I think we want to exclude operator symbols (except prefix operators) from the tokens that can start an expression. The spec should make that clear.

Looking at the code in Scanner confirms this:

 def assumeStartsExpr(lexeme: TokenData) =
 (canStartExprTokens.contains(lexeme.token) || lexeme.token == COLONeol)
 && (!lexeme.isOperator || nme.raw.isUnary(lexeme.name))

The backticked identifier is a non-unary operator, so this is rejected:

 val a = 7
 val x = 1
 +
 `a`
 *
 6
 assert(x == 1 + 7 * 6, x) // was: 1, now: successor(42)

https://github.com/scala/scala/blob/2.13.x/test/files/run/multiLineOps.scala

If accepted, the OP would be foo.???(???) match { }. The following is "huh" not "hibi".

 val y =
 "hi"
 +
 "bye" match { case "bye" => "bi" case _ => "huh" }

Scala 2 tries to closely approximate Scala 3 modulo indentation, but for some reason diverged on this point:

 1
 +
 `a` * 6

is OK but not

 1
 +
 `a` *= 6

where it is trying to determine whether the backticked ident is an operator.

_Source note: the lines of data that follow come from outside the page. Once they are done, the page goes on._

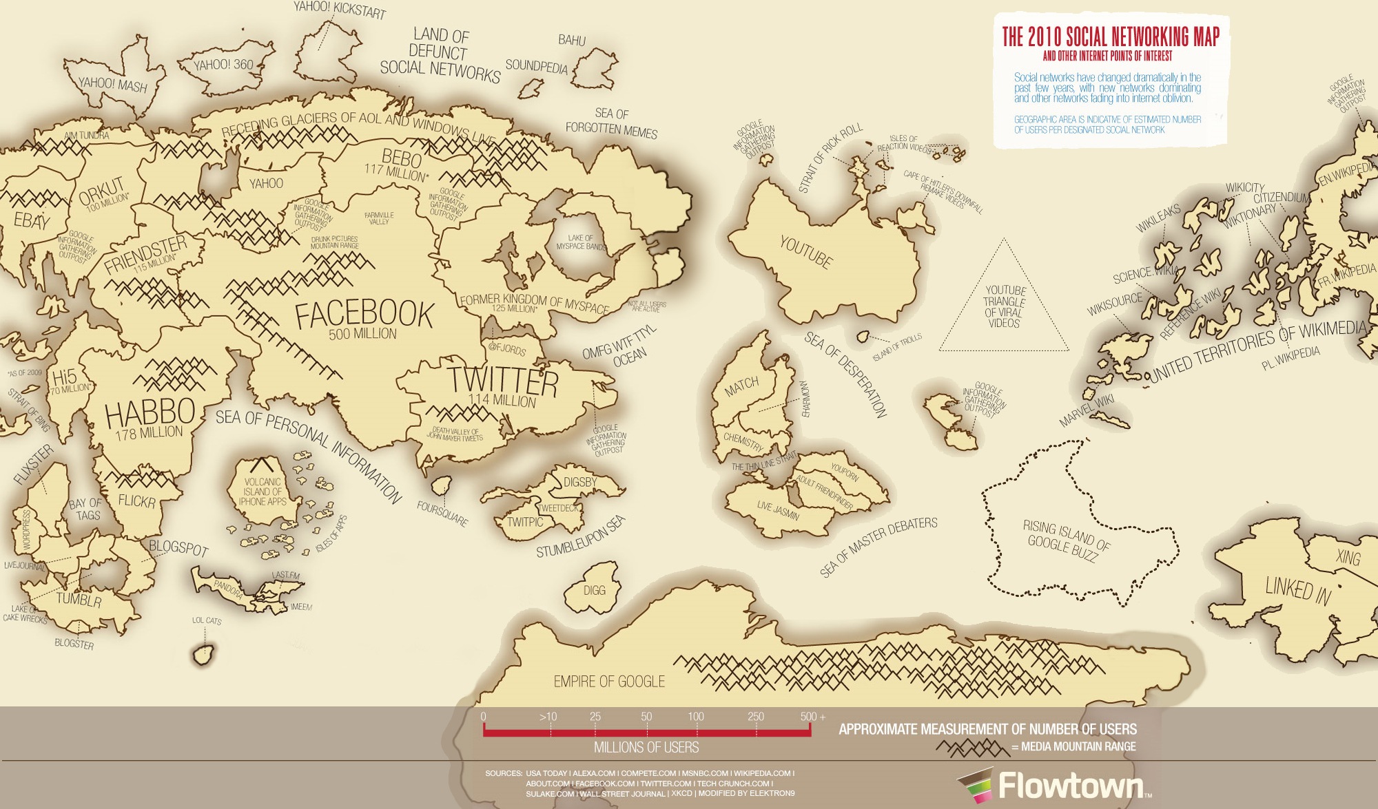 A great 2010 update from Flowtown‘s Ethan Bloch of the (in)famous XKCD Map of Online Communities.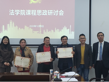 2020年12月9日下午4:00,法学院在文法楼210开展“课程思政”专题研讨会。本科生院领导金一粟主任、曹丹、法学院院长许中缘教授、副院长何炼红教授、学院督导及教师出席本次研讨会。会议由学院副院长彭中礼教授主持。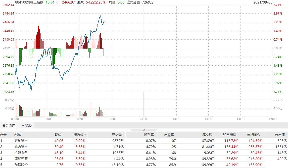 稀土板块大幅拉升,五矿稀土涨停,北方稀土、盛和资源、广晟有色均涨超3%。7月份以来,稀土价格持续上涨。业内人士指出,新能源汽车等新兴下游需求开始爆发,政策端对上游供给或将持续严控,稀土行业历史性拐点已经到来,稀土板块或迎来业绩与估值的戴维斯双击。近期市场做多资金也涌入部分稀土概念股,北方稀土、五矿稀土、盛和资源最受资金青睐。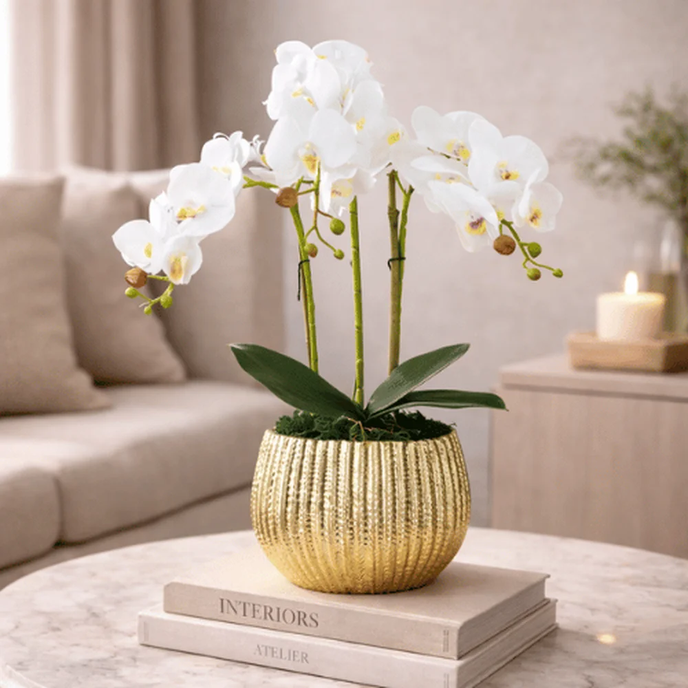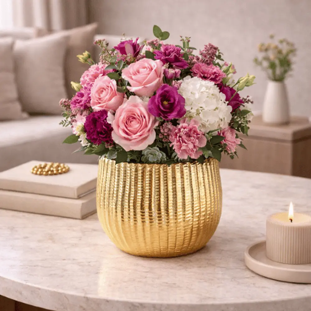 Crafted from high-quality ceramic, it features a vertically ribbed textured surface that adds depth, dimension, and visual interest. The glossy gold finish beautifully reflects light, creating a warm, elegant glow that enhances floral arrangements, orchids, succulents, or standalone decorative styling.

Some ancient messaging that is not leading infix aware suggests adding a semicolon.

mlo.scala:10: error: value *= is not a member of Int
possible cause: maybe a semicolon is missing before `value *=`?
 Expression does not convert to assignment because receiver is not assignable.
 `a` *= 6
 ^

It disdains to suggest != etc as seen in Scala 3.

value *= is not a member of Int - did you mean Int.!=? or perhaps Int.<=?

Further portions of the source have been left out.